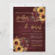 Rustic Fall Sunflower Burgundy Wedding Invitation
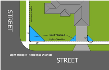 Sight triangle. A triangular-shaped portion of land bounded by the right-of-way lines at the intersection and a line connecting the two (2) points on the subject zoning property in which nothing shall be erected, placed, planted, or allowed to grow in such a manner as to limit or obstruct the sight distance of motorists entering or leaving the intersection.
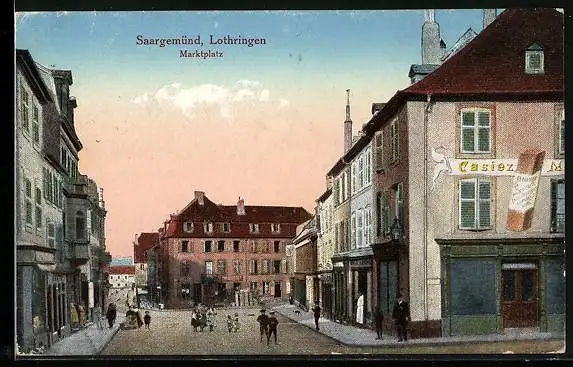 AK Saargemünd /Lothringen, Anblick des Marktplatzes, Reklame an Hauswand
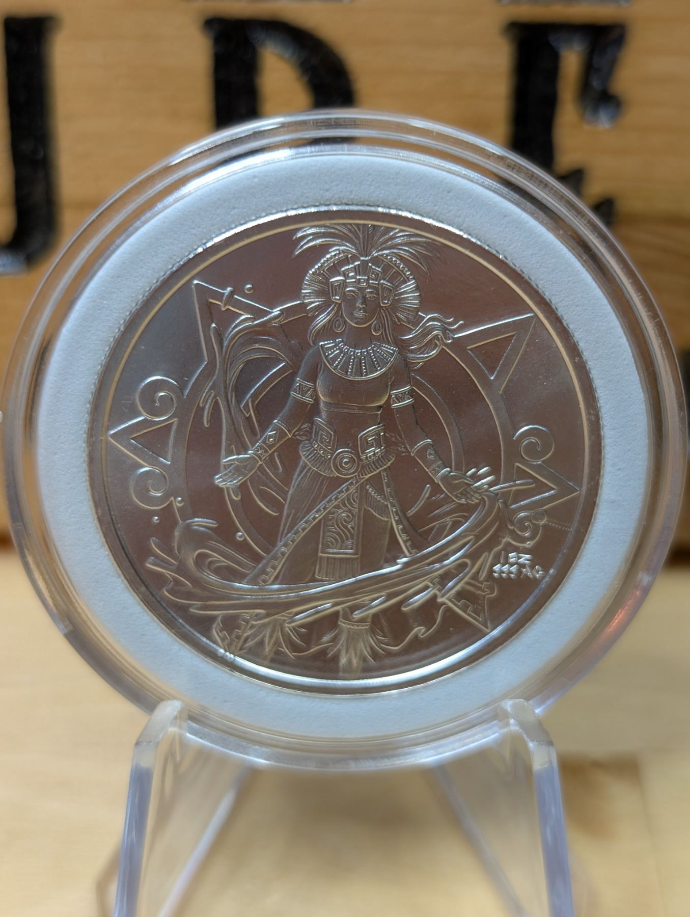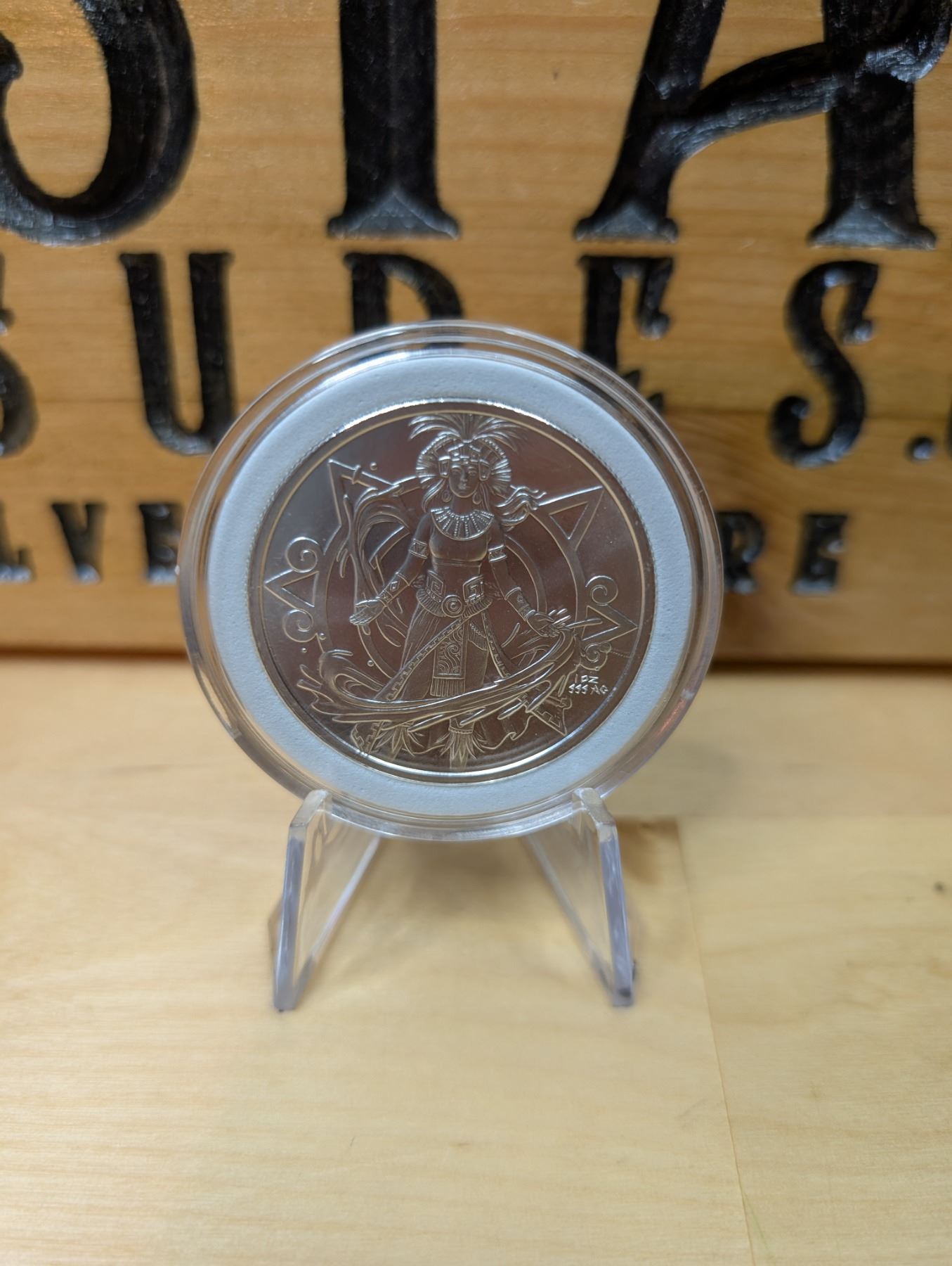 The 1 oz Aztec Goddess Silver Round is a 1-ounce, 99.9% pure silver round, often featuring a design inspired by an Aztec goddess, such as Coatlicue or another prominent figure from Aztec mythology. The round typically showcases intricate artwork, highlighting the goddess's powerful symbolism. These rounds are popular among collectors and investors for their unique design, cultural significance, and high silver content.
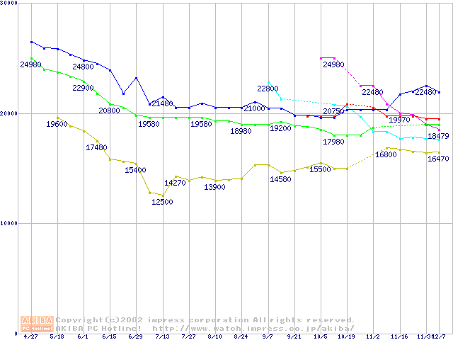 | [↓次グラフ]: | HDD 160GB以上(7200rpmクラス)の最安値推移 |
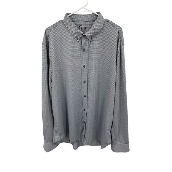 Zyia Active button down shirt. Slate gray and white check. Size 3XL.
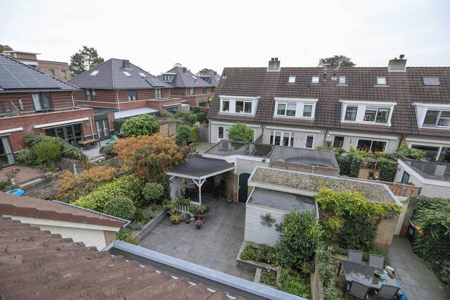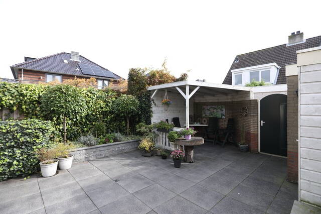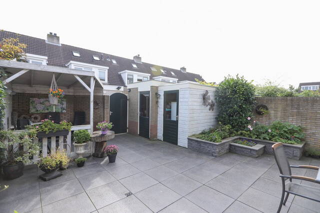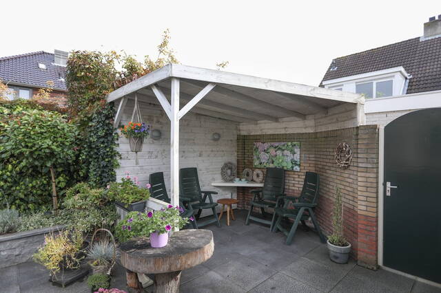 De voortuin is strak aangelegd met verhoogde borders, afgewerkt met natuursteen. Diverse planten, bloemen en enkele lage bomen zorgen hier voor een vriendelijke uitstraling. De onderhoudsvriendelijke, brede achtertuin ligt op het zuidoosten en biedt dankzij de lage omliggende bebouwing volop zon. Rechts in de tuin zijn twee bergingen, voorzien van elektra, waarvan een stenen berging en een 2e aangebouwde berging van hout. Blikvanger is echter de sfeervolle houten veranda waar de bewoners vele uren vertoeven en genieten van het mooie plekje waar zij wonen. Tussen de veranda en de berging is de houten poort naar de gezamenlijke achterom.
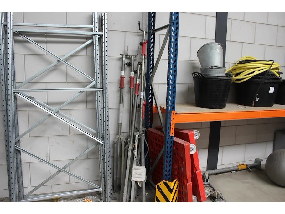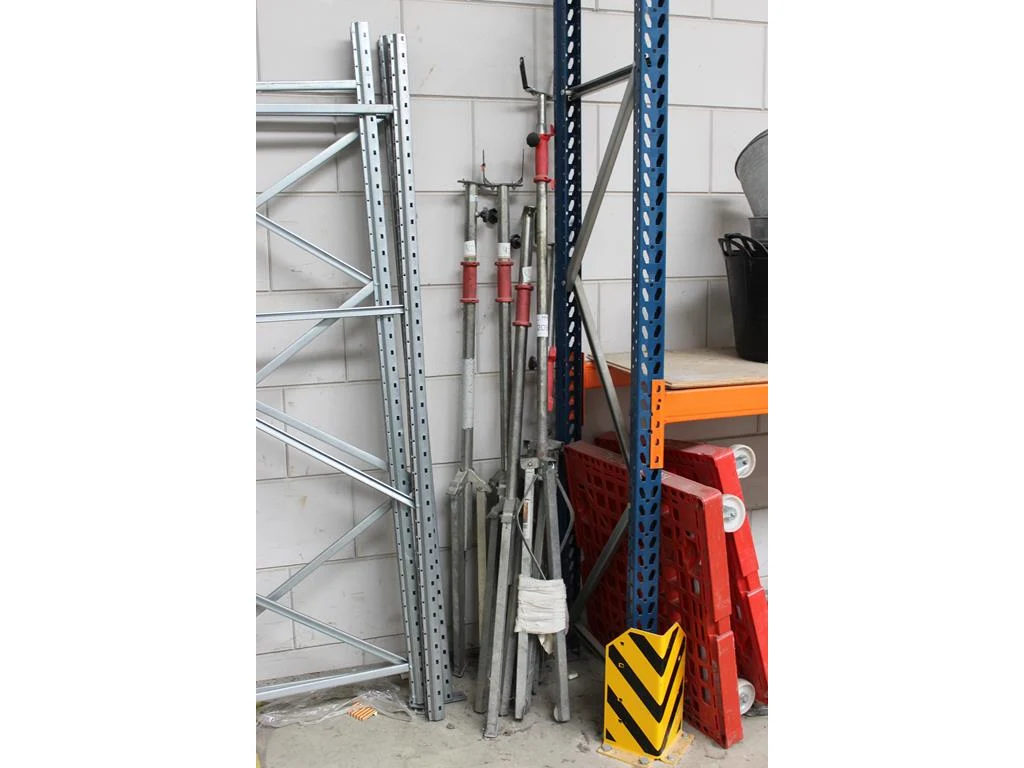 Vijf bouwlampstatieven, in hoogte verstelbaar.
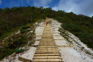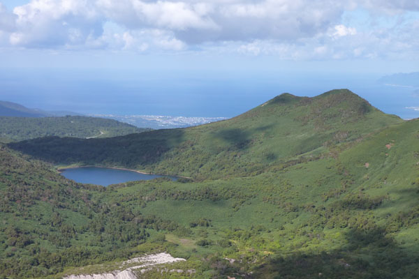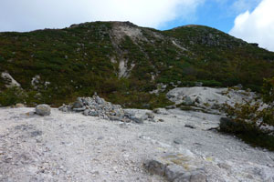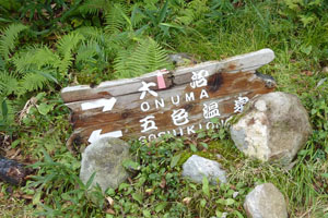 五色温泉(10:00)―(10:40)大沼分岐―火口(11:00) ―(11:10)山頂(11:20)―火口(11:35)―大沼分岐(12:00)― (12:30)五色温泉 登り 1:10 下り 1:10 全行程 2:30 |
++++++++++++++++++++
Print the listing verbatim; no pictures.

 Rustic Fall Sunflower Burgundy Wedding Invitation
 Sight triangle. A triangular-shaped portion of land bounded by the right-of-way lines at the intersection and a line connecting the two (2) points on the subject zoning property in which nothing shall be erected, placed, planted, or allowed to grow in such a manner as to limit or obstruct the sight distance of motorists entering or leaving the intersection.
 AK Saargemünd /Lothringen, Anblick des Marktplatzes, Reklame an Hauswand
 The 1 oz Aztec Goddess Silver Round is a 1-ounce, 99.9% pure silver round, often featuring a design inspired by an Aztec goddess, such as Coatlicue or another prominent figure from Aztec mythology. The round typically showcases intricate artwork, highlighting the goddess's powerful symbolism. These rounds are popular among collectors and investors for their unique design, cultural significance, and high silver content.
 | [↓次グラフ]: | HDD 160GB以上(7200rpmクラス)の最安値推移 |
 Zyia Active button down shirt. Slate gray and white check. Size 3XL.
 De voortuin is strak aangelegd met verhoogde borders, afgewerkt met natuursteen. Diverse planten, bloemen en enkele lage bomen zorgen hier voor een vriendelijke uitstraling. De onderhoudsvriendelijke, brede achtertuin ligt op het zuidoosten en biedt dankzij de lage omliggende bebouwing volop zon. Rechts in de tuin zijn twee bergingen, voorzien van elektra, waarvan een stenen berging en een 2e aangebouwde berging van hout. Blikvanger is echter de sfeervolle houten veranda waar de bewoners vele uren vertoeven en genieten van het mooie plekje waar zij wonen. Tussen de veranda en de berging is de houten poort naar de gezamenlijke achterom.
 Vijf bouwlampstatieven, in hoogte verstelbaar.
 五色温泉(10:00)―(10:40)大沼分岐―火口(11:00) ―(11:10)山頂(11:20)―火口(11:35)―大沼分岐(12:00)― (12:30)五色温泉 登り 1:10 下り 1:10 全行程 2:30 |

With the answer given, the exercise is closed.